A student goes to planet x and wants to determine the gravity there. The student knows from physics lab that they can use Atwood's machine to determine gravity. The student places a 100g mass and a 110g mass at the end of a string and hangs it over a pulley. The student places the 110g mass one meter above the ground and times its fall as being 0.3 seconds. What is gravity on planet x?

average velocity= (1/.3) m/s

final velocity= 2*avg velocity= 2/.3

final KE= change in PE
1/2 * (.100+.110)(2/.3)^2=(.110-.100)"g"

solve for "g"

To determine the gravity on planet X using Atwood's machine, we can start by understanding the basic concept behind Atwood's machine.
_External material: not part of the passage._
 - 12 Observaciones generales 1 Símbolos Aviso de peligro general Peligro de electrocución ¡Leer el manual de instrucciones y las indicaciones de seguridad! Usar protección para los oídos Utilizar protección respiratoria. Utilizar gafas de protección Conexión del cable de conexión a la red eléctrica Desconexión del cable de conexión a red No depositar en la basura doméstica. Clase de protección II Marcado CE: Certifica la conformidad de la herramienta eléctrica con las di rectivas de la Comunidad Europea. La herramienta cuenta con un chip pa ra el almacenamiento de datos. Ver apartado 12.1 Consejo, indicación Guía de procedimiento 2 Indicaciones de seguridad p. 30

Atwood's machine is a setup consisting of two masses connected by a string or a cable passing over a pulley. The difference in the masses causes a net force, which leads to acceleration and allows us to calculate the gravity.

In this scenario, we have a 100g mass and a 110g mass. The 100g mass will be moving upwards while the 110g mass falls due to the force of gravity.
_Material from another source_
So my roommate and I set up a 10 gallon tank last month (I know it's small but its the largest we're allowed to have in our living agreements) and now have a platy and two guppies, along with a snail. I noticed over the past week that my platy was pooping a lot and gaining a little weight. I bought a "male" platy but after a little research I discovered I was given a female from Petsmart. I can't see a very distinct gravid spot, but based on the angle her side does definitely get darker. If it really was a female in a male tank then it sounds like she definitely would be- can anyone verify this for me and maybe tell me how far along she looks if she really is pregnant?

First, let's calculate the net force acting on the masses:

Net force = (mass2 * gravity) - (mass1 * gravity)

Where:
mass1 is the 100g mass
mass2 is the 110g mass
gravity is the unknown gravity on planet X.

Next, we need to calculate the acceleration of the masses. We assume that the string and the pulley have negligible mass and friction:

Acceleration = Net force / Total mass

Where:
Total mass = mass1 + mass2

Finally, we can calculate the gravity using the acceleration and the time it takes for the 110g mass to fall, as follows:

Gravity = 2 * Distance / (Time^2)

Where:
Distance is the height of the 110g mass (1 meter in this case)
Time is the time it takes for the 110g mass to fall (0.3 seconds in this case)
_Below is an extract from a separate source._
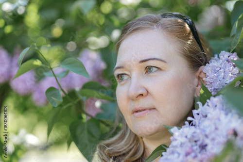© Светлана Густова, Fototapeta premium A blonde woman stands near blooming lilacs in a city park. Summer.

By plugging in the given values, we can calculate the gravity on planet X as follows:

Net force = (110g * gravity) - (100g * gravity)
Total mass = 100g + 110g
Acceleration = Net force / Total mass
Gravity = 2 * 1 meter / (0.3 seconds)^2

Calculating these values will give you the gravity on planet X.

To determine the gravity on planet X using Atwood's machine, we can use the formula:

g = (m2 - m1) * (2π / T)²

Where:
g = gravity on planet X
m1 = mass 1 (100g)
m2 = mass 2 (110g)
T = time taken for mass 2 to fall (0.3 seconds)

First, convert the masses from grams to kilograms:
m1 = 100g = 0.1kg
m2 = 110g = 0.11kg

Next, substitute the values into the formula and solve for g:
g = (0.11kg - 0.1kg) * (2π / 0.3s)²

Now, calculate the expression within the parentheses:
g = 0.01kg * (2π / 0.3s)²

To solve this equation further, we need to use the value of π, which is approximately 3.14. We also need to square the fraction (2π / 0.3s)²:

g = 0.01kg * (2 * 3.14 / 0.3s)²

g = 0.01kg * (6.28 / 0.3s)²

Now, calculate the square of the fraction:
g = 0.01kg * (20.93s²)
g = 0.2093 kg * s²

Therefore, the gravity on planet X, as determined by the Atwood's machine, is approximately 0.2093 kg*m/s².